手指在屏幕上划拉两下,凉意突然从后颈窜上来。那张东湖公园的照片里,湖水像块揉皱的锡纸,倒映着2003年的云,云底下有棵歪脖子榕树,树杈上还挂着半截褪色的红绸带。
记得初中那会儿,语文老师总爱布置“公园游记”。我蹲在东湖的鹅卵石滩上,看蚂蚁搬着比自己大十倍的面包屑,数了三百二十一颗被水冲得发亮的石头。现在想想,那时候的作文本该写“蚂蚁的负重是身体的二十倍”,却偏要凑什么“湖面波光粼粼像撒了把碎银子”——现在连碎银子长什么样都记不清了,倒记得蚂蚁触角碰在一起时,像两根极细的琴弦。
照片里那座九曲桥还在。小时候总觉得桥洞是给龙王歇脚的,每次走过都要踮着脚,生怕踩碎桥板下的影子。去年冬天路过,发现桥栏上的青苔厚得能当抹布,有对老夫妻正扶着栏杆拍照,老太太的围巾被风吹得鼓起来,像朵快凋谢的月季。我突然想起自己十二岁那年的作文里写:“九曲桥像条沉睡的银蛇”,现在看照片里的桥,倒更像被岁月揉皱的卫生纸。
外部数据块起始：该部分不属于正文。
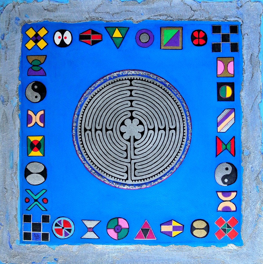 De levensweg van het Chartres-labyrint, omgeven door spirituele symbolen. Acryl op doek met gemengde techniek.
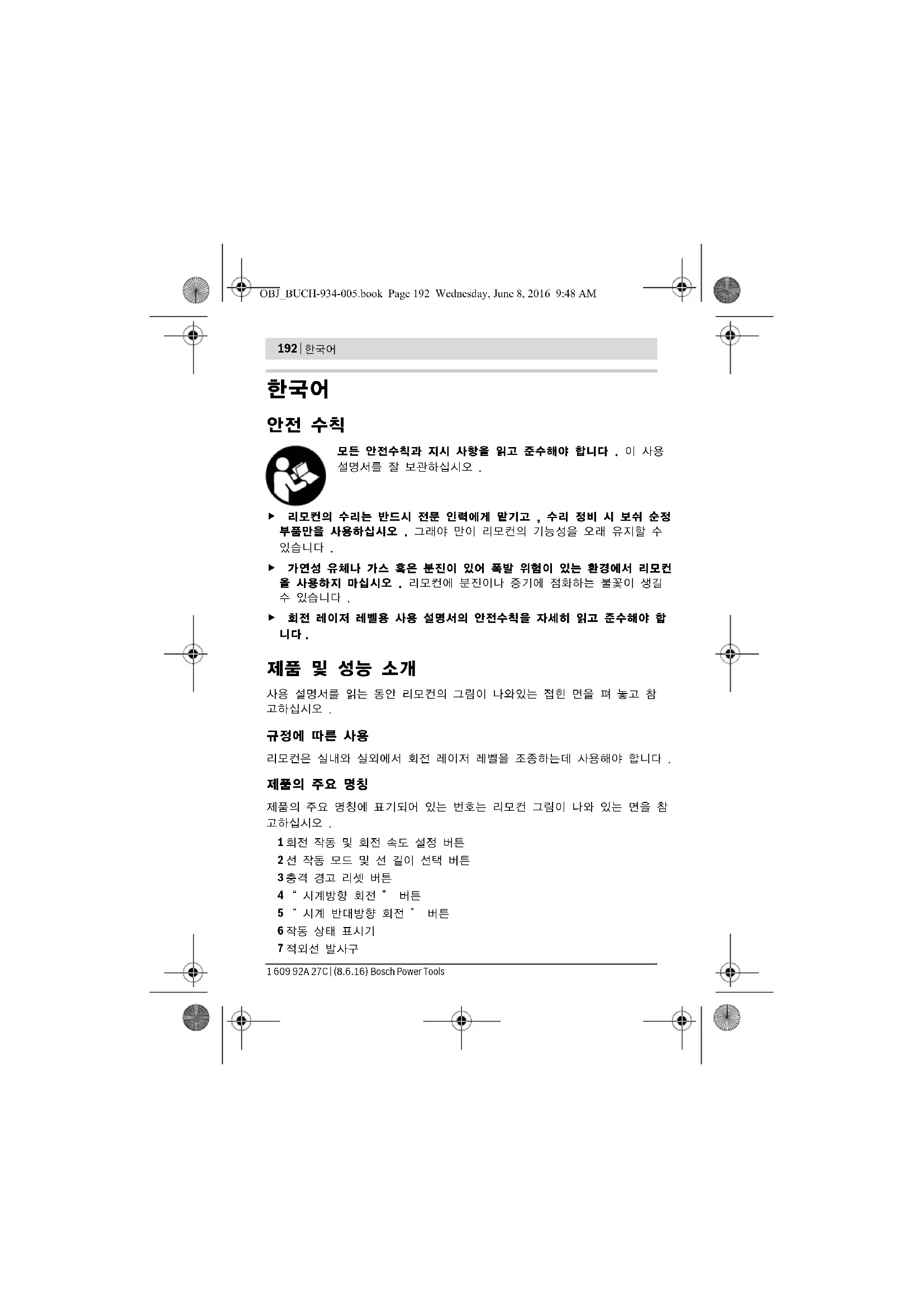 리모컨과 배터리 / 충전용 배터리를 가정용 쓰레기로 처리하지 마십시오 ! EU 국가만 해당 : 더이상 사용할 수 없는 전동 기기 및 결함이 있거나 사용한 충전용 배터리 / 배터리는 유럽 가이드라인 2012/19/EU 및 유럽 가이드라인 2006/66/EG 에 따라 분리 수거하여 환경 규정에 맞춰 재활용해야 합니다 . 위 사항은 사전 예고 없이 변경될 수 있습니다 . OBJ_BUCH-934-005.book Page 197 Wednesday, June 8, 2016 9:48 AM198 | 1 609 92A 27C | (8.6.16) Bosch Power Tools
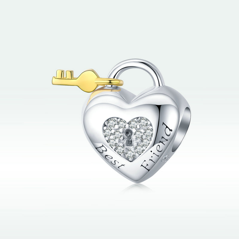 Bu zarif gümüş charm, kalp şeklindeki tasarımıyla sevginin ve bağlılığın simgesi olurken, üzerine işlenmiş "Anahtar" ve "En İyi Arkadaşım" yazılarıyla özel bağınızı sonsuzlaştırıyor. Kalbinin anahtarını taşıyan, her an yanınızda olan o özel kişiye verilebilecek anlam yüklü bir hediye.
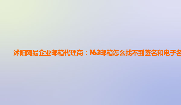 2024-06-11163邮箱:沭阳网易企业邮箱代理商的签名和电子名片功能 网易企业邮箱已成为众多企业沟通协作的主力工具,其中涵盖了各种实用且高效的功能。然而,许多用户在使用过程中会遇到一些小问题,例如找不到签名和电子名片这...
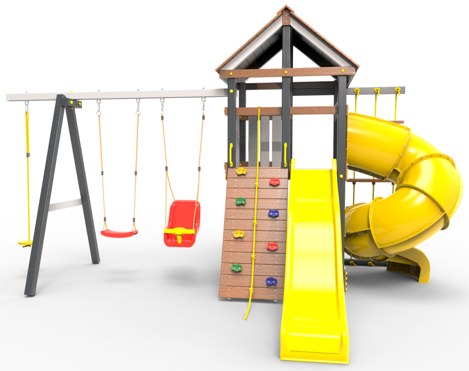 Детская площадка «Пикник Ультра 1 » представляет собой двухуровневую конструкцию, на первом уровне которой расположена песочница, а второй этаж представляет собой игровое пространство под деревянной крышей. Конструкция оснащена качельной балкой, повышенной прочности, которая имеет 5 креплений для качелей или любого другого навесного оборудования, шторм-трапом , двумя горками и скалодромом! .
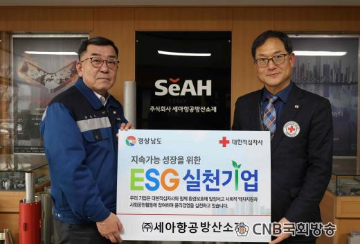 ´ëÇÑÀû½ÊÀÚ»ç °æ³²Áö»ç(ȸÀå ¹ÚÈñ¼ø)´Â 10ÀÏ(È) ¢ß¼¼¾ÆÇ×°ø¹æ»ê¼ÒÀç(´ëÇ¥ÀÌ»ç ¼ºÃ¢¸ð)¿Í ESG½Çõ±â¾÷ 94È£ ¸íÆÐ Àü´Þ½ÄÀ» ÁøÇàÇß´Ù°í ¹àÇû´Ù.
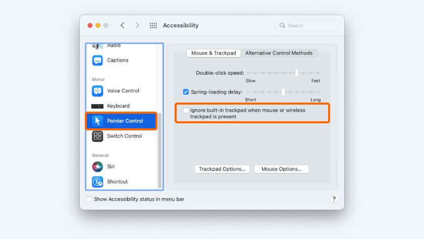 - Check if there's a checkmark in front of 'Ignore built-in trackpad as mouse when mouse or wireless trackpad is present'.
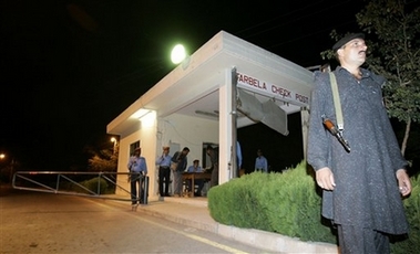 Pakistani security personnel stand alert at a check post near the headquarters of an anti al-Qaida Special Operation Task Force where a suicide bomber blew himself up in Ghazi Tarbela, about 100 kilometers south of Islamabad, Sept. 14, 2007. [AP]
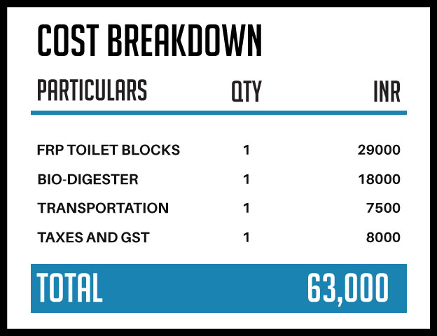 The total cost to construct a Bio-Toilet is INR 63000. The Bio-Toilet is constructed using Tiger Toilet Technology.

最扎眼的是那张湖心亭的照片。亭角的飞檐上站着只白鹭,翅膀收得紧紧的,像件晾在竹竿上的白衬衫。2003年的夏天,我和同桌小雨总爱逃掉午休,躲在亭子里分吃一包话梅。她总说酸得牙要倒,却偷偷把核攒在铅笔盒里,说要种出话梅树。现在她的铅笔盒早不知丢哪儿了,话梅核大概也烂在某个角落,倒是亭子柱子上的刻痕还清晰——那是我用圆规尖刻的“小雨到此一游”,当时觉得能留到世界末日,现在看不过是个浅浅的凹痕,像老人脸上的老年斑。
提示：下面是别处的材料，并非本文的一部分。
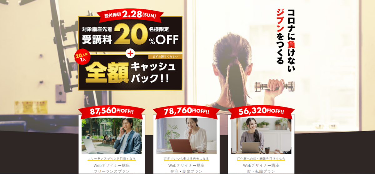 最安値のWebデザイナー講座 就転職プランでも28,160円の割引を受ける事ができます。
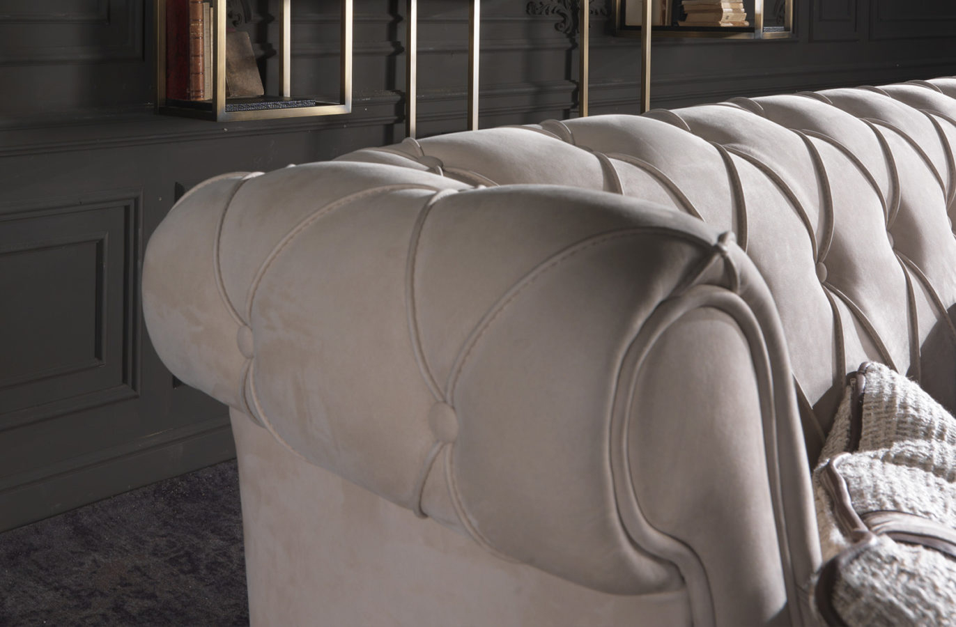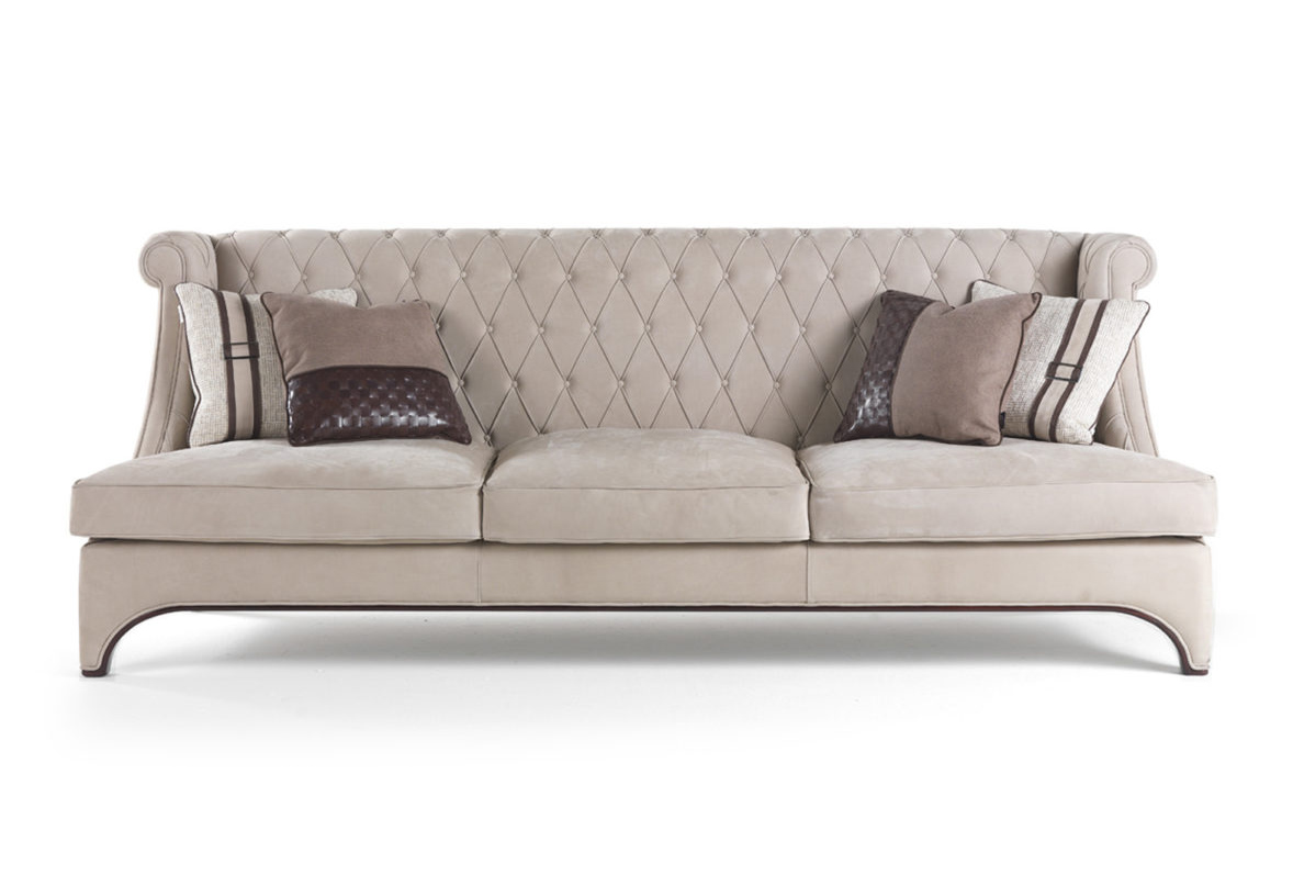 With its harmonious seatback, Bradmore sofa is characterized by a refined manufacturing with a thin border which stands out the rhombus pattern, in contrast to the homogeneity of the wide and comfortable sitting cushions. An accurate sartorial manufacturing framed by an elegant mahogany insert at the base.

东湖的水其实挺脏的。有次我蹲在岸边看鱼,看见条半死不活的鲤鱼,鱼鳃一张一合,吐出的泡泡刚浮到水面就破了。我伸手想捞它,被小雨拽住:“别碰,脏。”后来在作文里写“湖水清澈见底,能看见游鱼摆尾”,老师用红笔圈了“清澈见底”四个字,在旁边批“观察不仔细”。现在想想,那时的水确实不干净,可为什么记忆里的东湖,总泛着种朦胧的绿,像块化开的翡翠?

照片里还有张是傍晚拍的。夕阳把云染成橘红色,湖面浮着层金粉,有艘小船慢慢划过,船桨搅起的水纹像老人脸上的皱纹。我忽然想起外婆家后院的那口井,夏天井水凉得扎手,冬天会冒热气。小时候总以为井底住着神仙,现在才知道,那不过是地热在作怪。就像东湖的夕阳,不过是太阳在和我们玩捉迷藏,可为什么小时候总觉得,那是神仙在天上烧火做饭?
最下面那张是夜里的东湖。路灯的光晕在水面晃啊晃,像谁撒了把跳跳糖。有对情侣坐在长椅上,男生在剥橘子,女生把橘皮凑到鼻子前闻。我突然想起自己十八岁那年的冬天,和初恋在东湖边散步,她把手伸进我口袋里取暖,指尖凉得像块冰。我们谁都没说话,就那么走着,直到路灯一盏盏熄灭。现在她的手应该早不凉了,可能正被另一个人握着,在某个更温暖的公园里散步。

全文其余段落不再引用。